How can I create figures with more Curves than there are colors in the Sets1to3 color set?

The example below creates a generic data set based on the args of the create_generic_data() function. Below you can see args of (3, 22, 10) will create 3 figures with 22 Curves each, with 10 points per curve. It works fine because the 22 curves don’t exceed the 22 colors available in ds.colors.Sets1to3. If you change 22 to any higher value, an error is raised.

I’ve tried using inferno instead of Sets1to3, but I get same error. I’ve tried using Sets1to3*10 to extend the color list, but same error still.

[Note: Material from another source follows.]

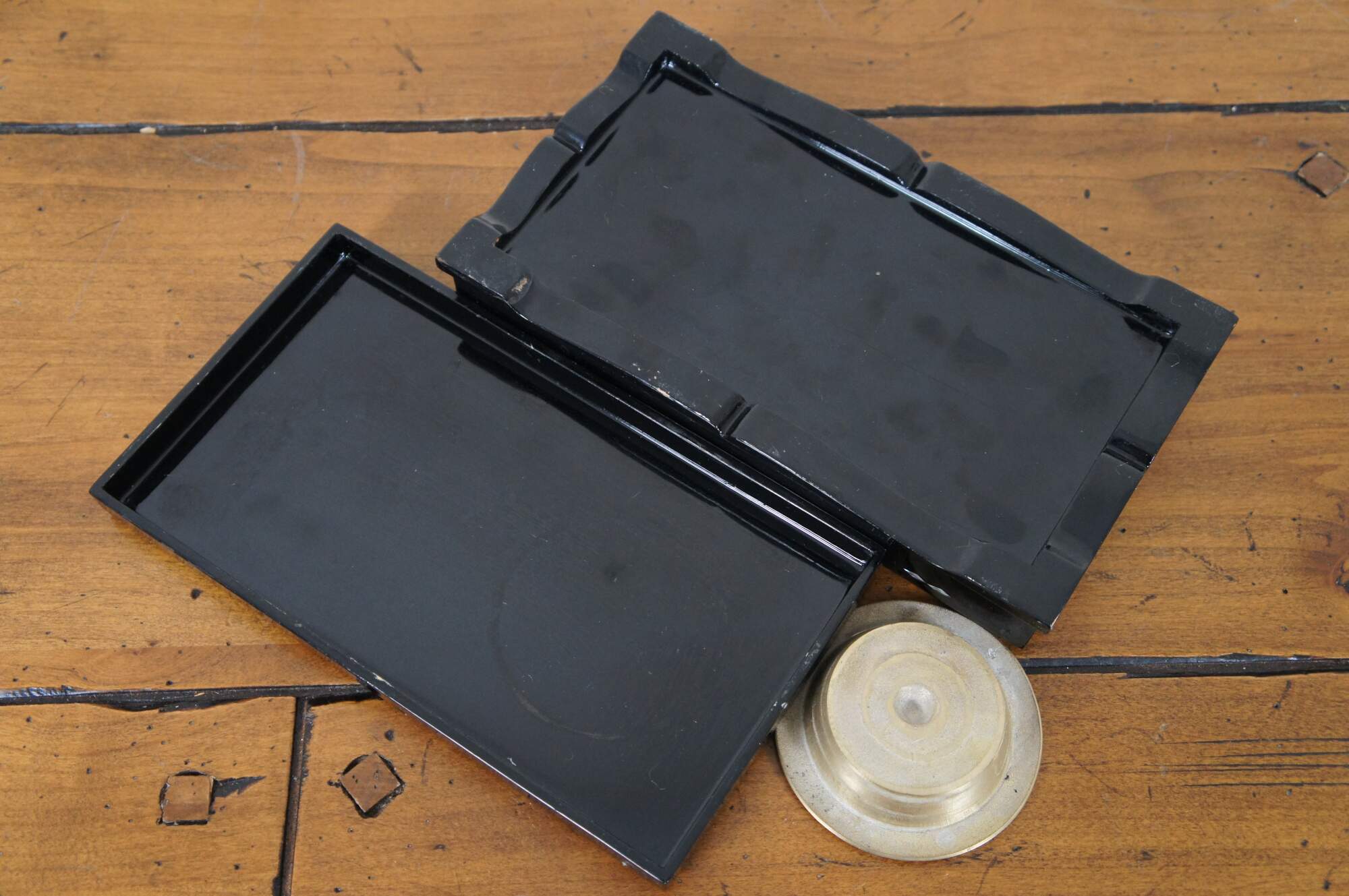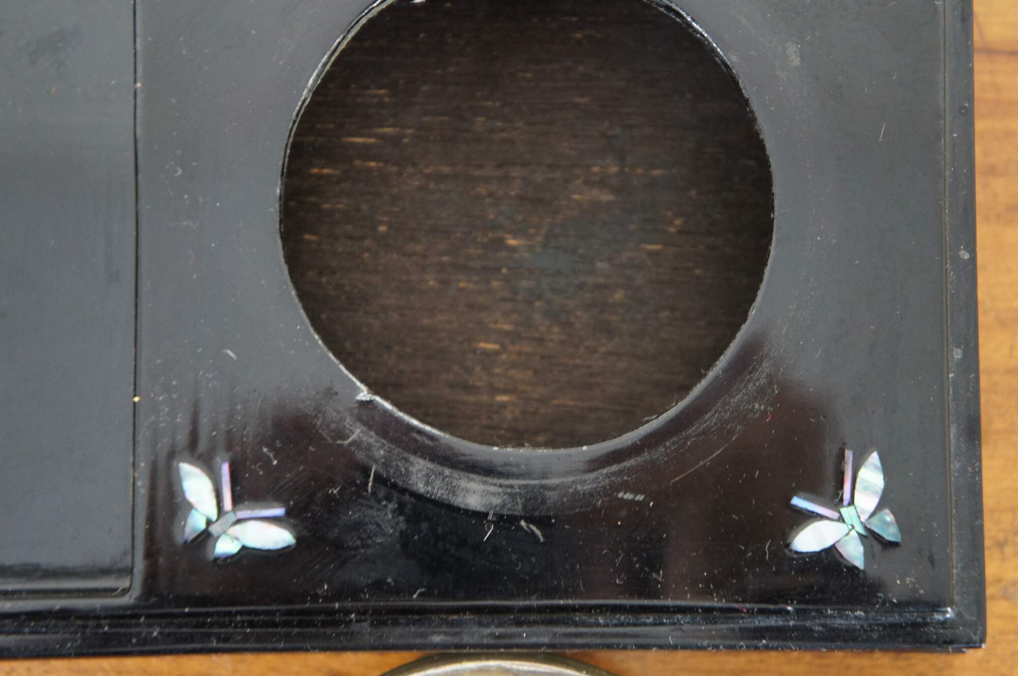 Mid century Japanese Chinoiserie black lacquered cigarette box decorated with mother of pearl flowers and butterflies, opening to reveal compartment for cigarettes / tobacco and a brass ashtray. Circa 1950s.
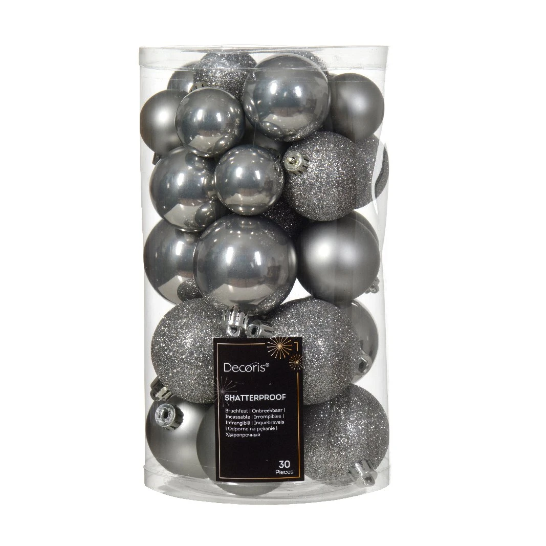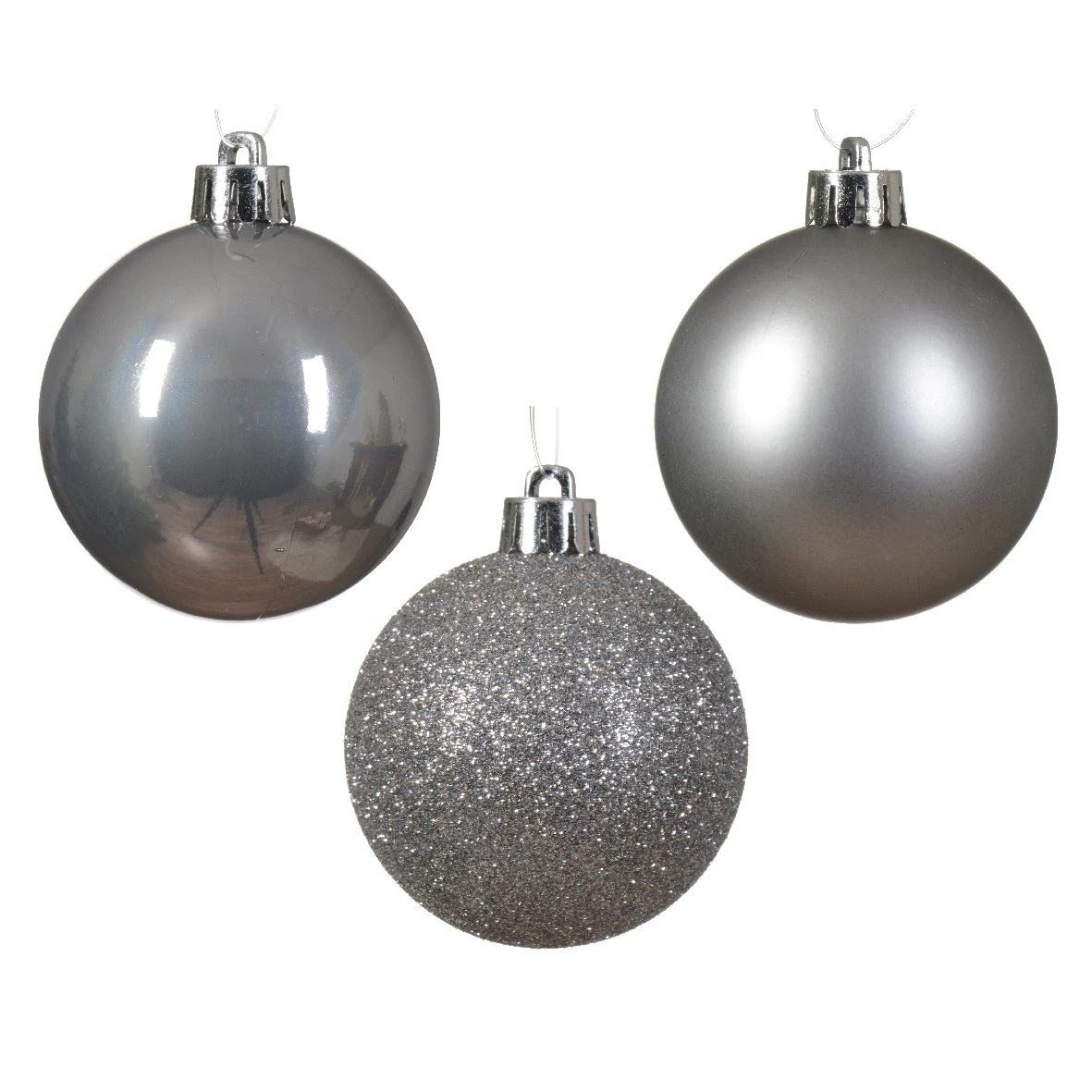 12 boules brillantes (4 de chaque taille) , 9 boules mattes (3 de chaque taille) et 9 boules à paillettes (3 de chaque taille).

I imagine my options would be different if I wasn’t planning on plotting much more data, such as 100’s of Curves per plot, and using datashader. A reasonable approximation of my big-picture task would be to create a dataset using create_generic_data(10, 300, 100000).

Any suggestions?

import pickle
import holoviews as hv
import panel as pn
from holoviews.operation.datashader import datashade, rasterize, dynspread
import datashader as ds
import ipdb

hv.extension('bokeh')

class MultiPlot:
    """tbd description
    Inputs?
        - data: can be dictionary with two levels of keys.  One plot is created for each first-level key, then subseq.
                keys are plotted within each plot.
        """

    def __init__(self, data, max_plots=6, plot_width=800, plot_height=150, cnorm="eq_hist", line_width=2,
                 pixel_ratio=2):

        # Create a dictionary of all Curves.  Top-level keys define number of subplots.  Secondary-level keys point to
        # each parameter to be plotted in each subplot.  Time indices are aligned to start time.
        curves_dict = {top_key: {sec_key: hv.Curve((sec_value.index.map(lambda x: (x-x[0]).total_seconds()),
                                                    sec_value.values), kdims=['Time'], vdims=['Value'])
                                 for sec_key, sec_value in top_value.items()
                                 }
                       for top_key, top_value in data.items()}

        # Create color key for all second-level keys in data dictionary, and color_points as invisible element to drive
        # legend
        sec_keys = sorted(set([sec_key for primary_key, primary_value in data.items()
                               for sec_key in primary_value.keys()]))
        color_key = zip(sec_keys, ds.colors.Sets1to3)
        color_points = hv.NdOverlay({k: hv.Points([(0,0)], label=str(k)).opts(color=v, size=0) for k, v in color_key})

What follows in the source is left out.